To sum up, minimally invasive surgery is an excellent treatment for early NSCLC, and lob-specific lymph node resection is feasible in practice. We recommend that for clinical T1 stage non-right middle lobe NSCLC, SLND is a feasible treatment according to the intraoperative frozen results of lobe-specific lymph nodes; For clinical T1 stage right middle lobe NSCLC patients, we suggest that hilar lymph nodes, SMLN and SCLN should be dissected, and the dissection of the IMLN can be omitted; For lung tumors larger than 2 cm in diameter with pure solid components or visceral pleura invasion, systematic lymph node dissection is recommended.

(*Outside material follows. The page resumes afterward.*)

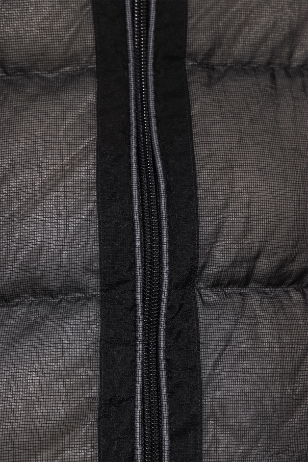 Black and grey down jacket from Dsquared2. Crafted from textured fabric with a check pattern, this garment features a two-way zip, drawstring hood, two front zip pockets, sleeve patch with a logo and long sleeves with ribbed cuffs.

Funding: This work was supported by the national natural science foundation of China (81672292); Taishan Scholar Program of Shandong Province (No. ts201712087); and the Department of Pathology of Linyi People’s Hospital, Linyi City, Shandong Province, China.
Conflicts of Interest: The authors have no conflicts of interest to declare.
Ethical Statement: The authors are accountable for all aspects of the work in ensuring that questions related to the accuracy or integrity of any part of the work are appropriately investigated and resolved. The study protocol was approved by Medical Ethics Committee of Linyi People’s Hospital (No. 30039), and we assure that all participants were given informed consent before taking part.